- **Task**:
Unless it is a picture, every line from the start of the entries through the line with "2025新澳天天精準大全謎語" must be retyped exactly.

- **Records**:
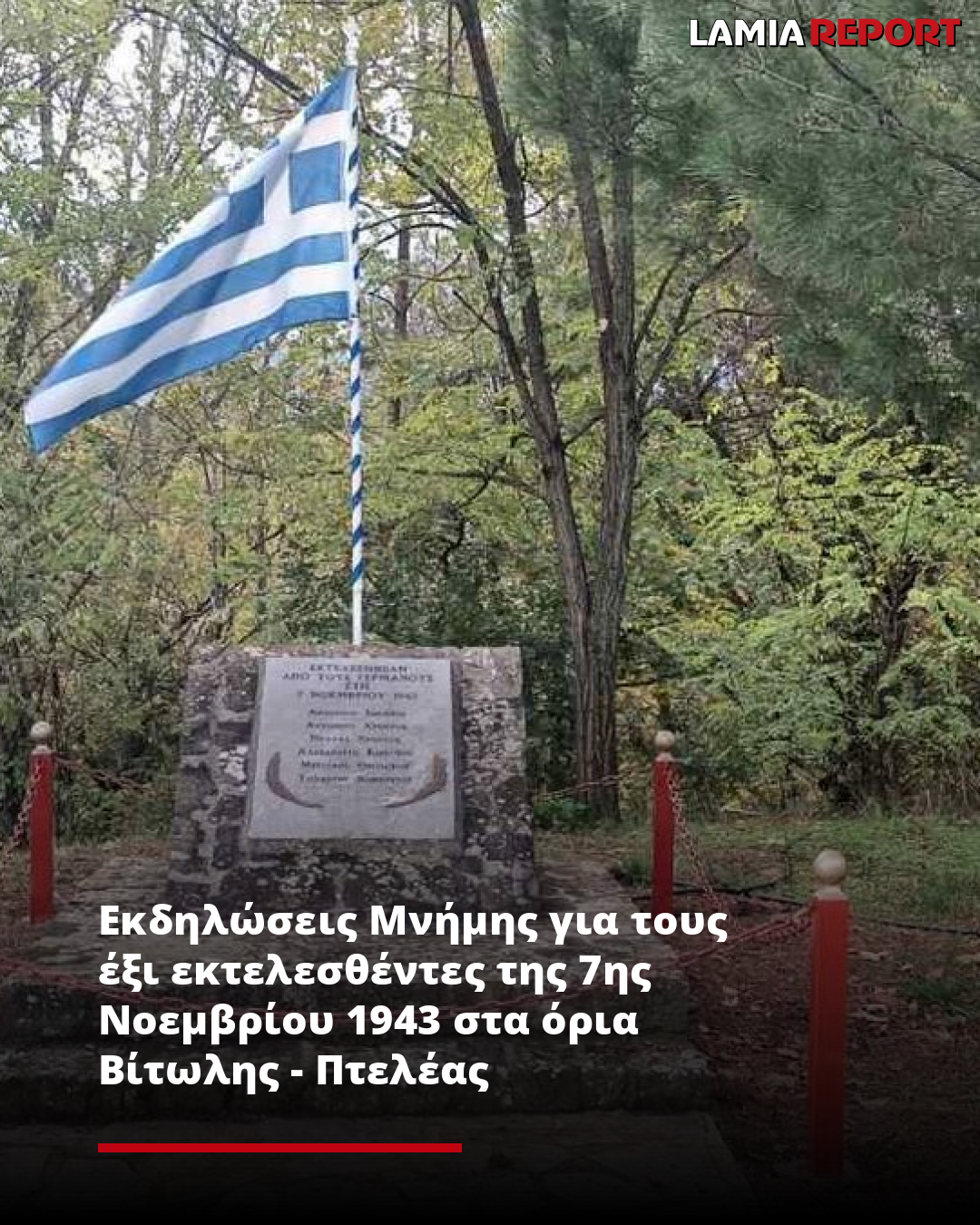Η Τοπική Κοινότητα Βίτωλης και η Τοπική Κοινότητα Πτελέας, σε συνεργασία με πολιτιστικούς και τοπικούς φορείς, διοργανώνουν την Κυριακή, 9 Νοεμβρίου 2025, εκδηλώσεις μνήμης για τους εκτελεσθέντες από τα γερμανικά στρατεύματα κατοχής, στις 7 Νοεμβρίου 1943, στην ανατολική είσοδο της Πτελέας (Κουκιά / Πύργος το 1943).
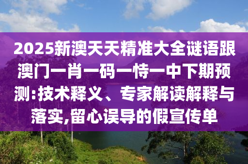 2025新澳天天精準大全謎語跟澳門一肖一碼一恃一中下期預(yù)測:技術(shù)釋義、專家解讀解釋與落實,留心誤導(dǎo)的假宣傳單
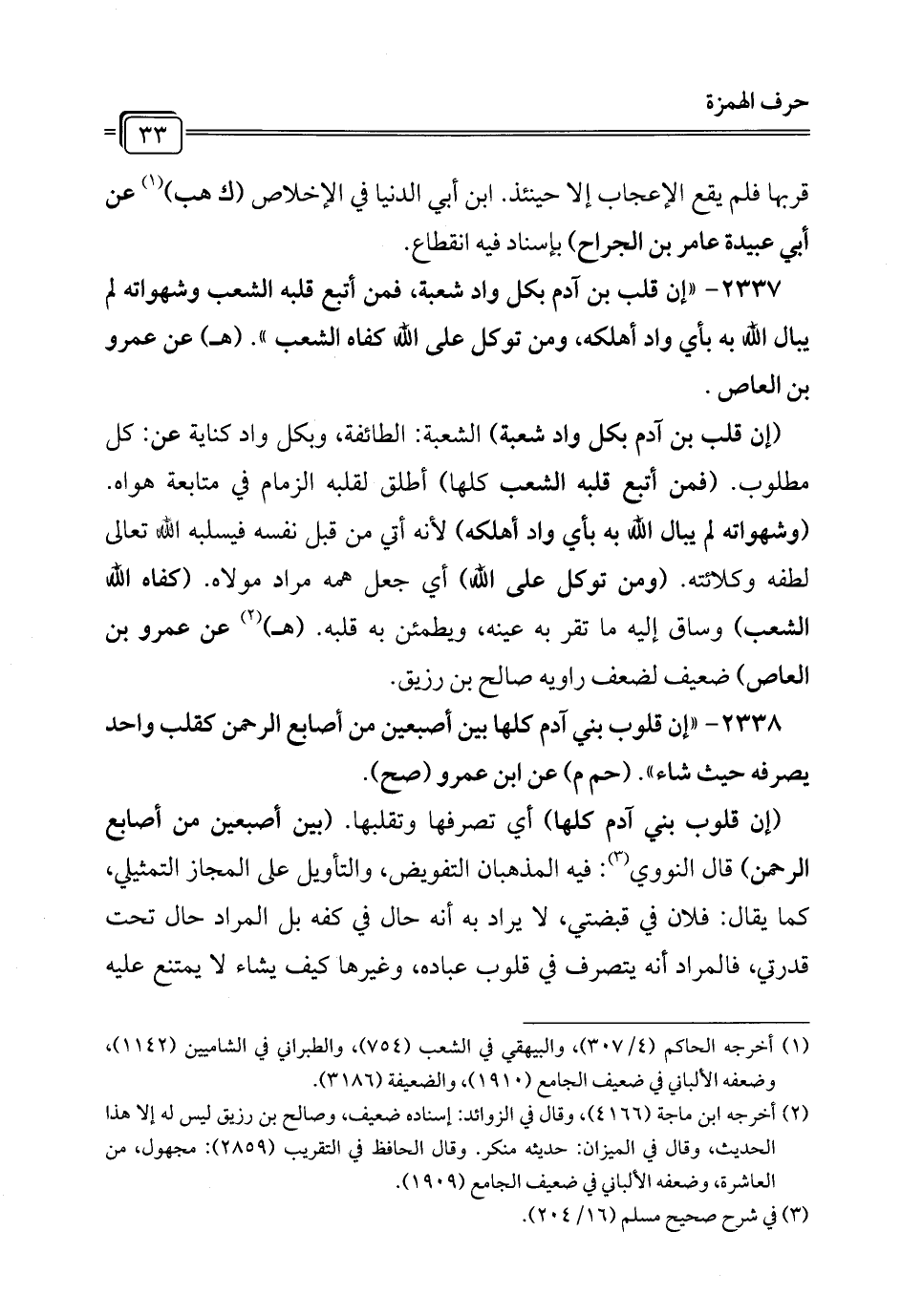 2338 - "إن قلوب بني آدم كلها بين أصبعين من أصابع الرحمن كقلب واحد يصرفه حيث شاء". (حم م) عن ابن عمرو (صح).
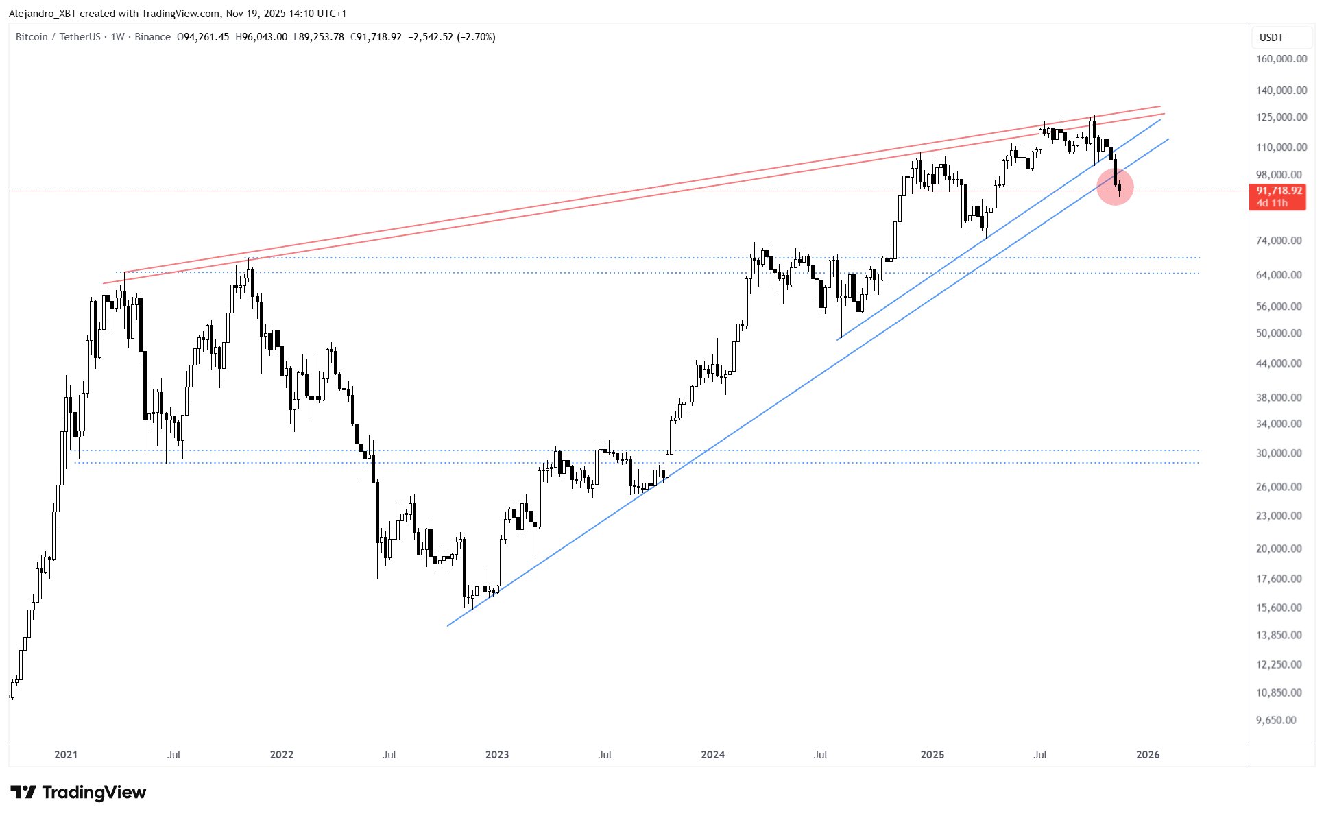 يتخذ المحلل AlejandroBTC موقفًا هبوطيًا أكثر بكثير، مشيرًا إلى أن Bitcoin قد انهار رسميًا من نمط الوتد الصاعد الكبير الذي كان يحذر منه منذ أشهر.
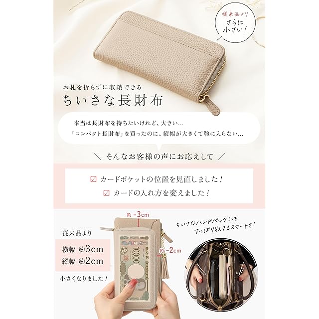 【小さなハンドバッグにも入る】 財布の「高さ」にもこだわったから、ハンドバッグでもはみ出さないうれしいサイズ。
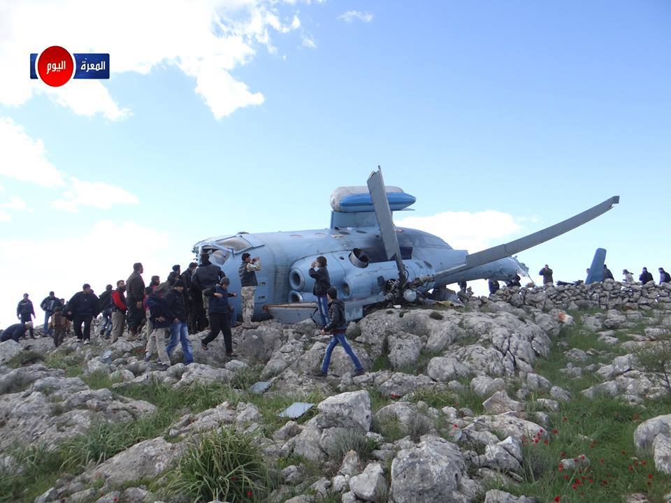 Πτώση συριακού στρατιωτικού ελικοπτέρου στην περιφέρεια του Ιντλίμπ στη Συρία.Η περιοχή ελέγχεται από την jabhat al Nusra.To ελικόπτερο συνετρίβη ενώ θα έκανε αναγκαστική προσγείωση λόγω τεχνικής βλάβης που παρουσίασε κοντά στο χωριό Deir Sinbel σύμφωνα με μια εκδοχή. Άλλη πηγή αναφέρει ότι αυτόπτης μάρτυρας δηλώνει ότι έγινε κανονικά η προσγείωση για να διαφύγει το πλήρωμα μέσα από τους αγρούς και να φτάσουν στο χωριό.Περικυκλώθηκαν εντοπίστηκαν. Άλλο ελικόπτερο πετούσε από πάνω και προσπαθούσε να τους σώσει. Άλλες πληροφορίες διατείνονται ότι το ελικόπτερο καταρρίφθηκε από εχθρικά πυρά.
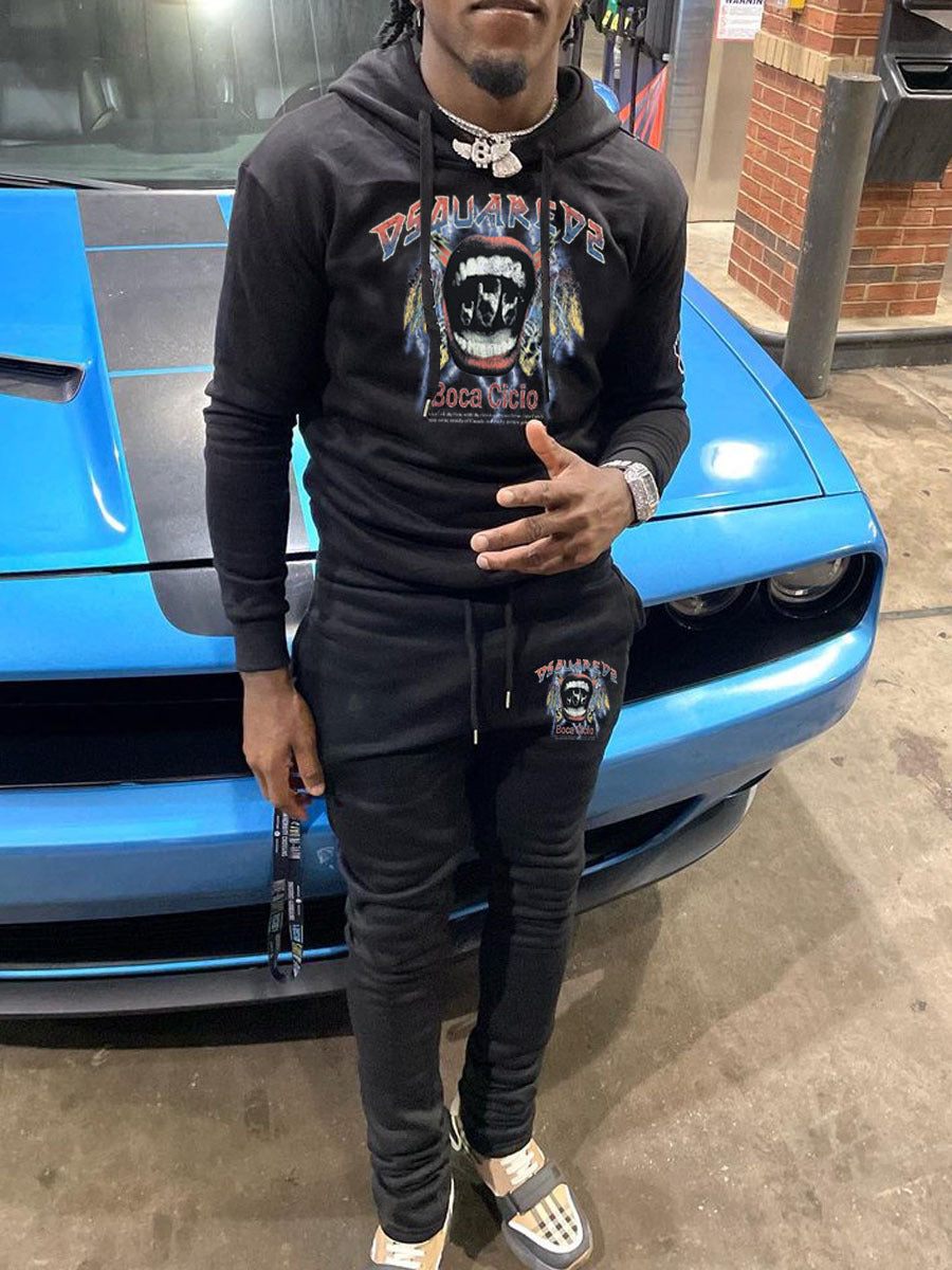 Men's Hoodie and Training Pants with Chic and Artistic Print
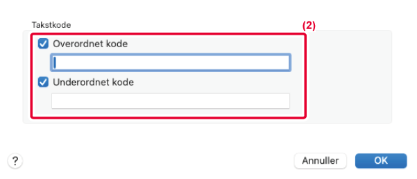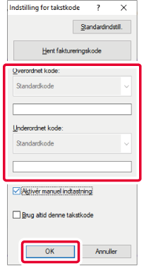 Indtast overordnet kode og underordnet kode og klik på [OK].
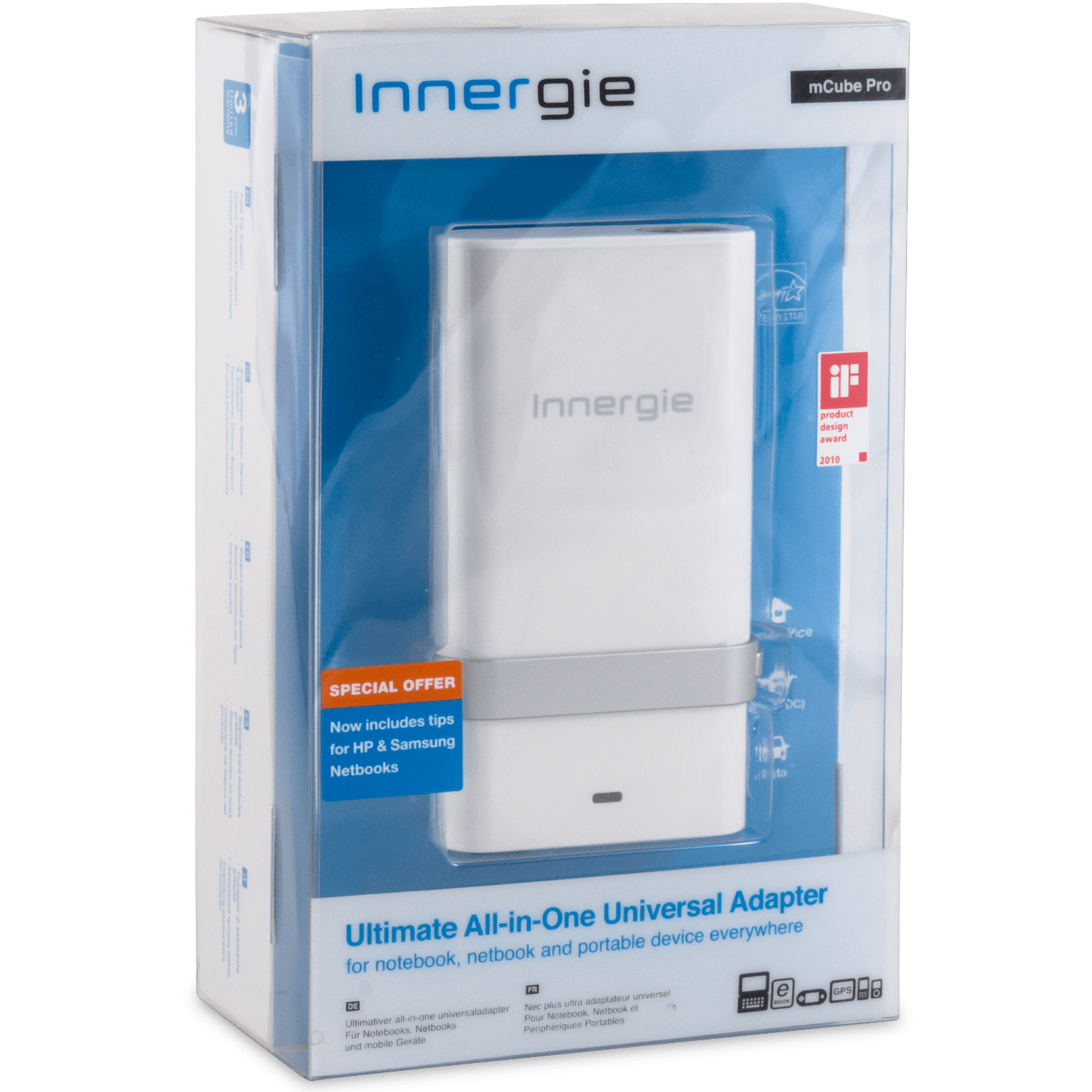 Specs====- Model: TADP-70BB AK- Universal Laptop Adapter - Voltage compatibility: 15-21 volts- Wattage: Up to 70W- Compatible with Acer, Asus, Compaq, Dell, Fujitsu, Gateway, HP, IBM, Lenovo, MSI, Samsung, Sony, Toshiba, and more- Plugs into EmPower airplane ports, car cigarette lighter ports, and A/C outlets- Protects against: Over-Current, Over-Voltage, Over-Temperature, Over-Power, Short-Circuit- AC Input: 100-240 Vac /1.8A 50-60Hz- DC Input: 12-15V (DC) / 8A - DC Output: 19.5 V DC / 3.33A, 16V DC / 4.06A, 5V DC / 1A - USB Output: 5V DC/ 1A - Output Power: 70W Continuous (85W Peak)Condition: NewWarranty: 3 Year InnergieShipping: $5 or free with VMP What’s in the Box?====1x mCube Pro Adapter1x AC input cable1x DC input cable1x DC output cable10x Tips1x Air plug1x Car plug1x Travel pouch1x User ManualPictures====Retail boxEverything inside[Adapter for AC] (
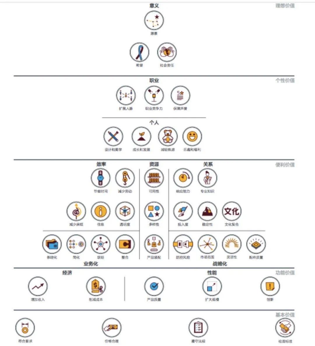 To B业务的企业顾客需求包括:基本价值、功能价值、便利价值、个性价值、理想价值。

- **Solved exercise**:
Η Τοπική Κοινότητα Βίτωλης και η Τοπική Κοινότητα Πτελέας, σε συνεργασία με πολιτιστικούς και τοπικούς φορείς, διοργανώνουν την Κυριακή, 9 Νοεμβρίου 2025, εκδηλώσεις μνήμης για τους εκτελεσθέντες από τα γερμανικά στρατεύματα κατοχής, στις 7 Νοεμβρίου 1943, στην ανατολική είσοδο της Πτελέας (Κουκιά / Πύργος το 1943).
 2025新澳天天精準大全謎語跟澳門一肖一碼一恃一中下期預(yù)測:技術(shù)釋義、專家解讀解釋與落實,留心誤導(dǎo)的假宣傳單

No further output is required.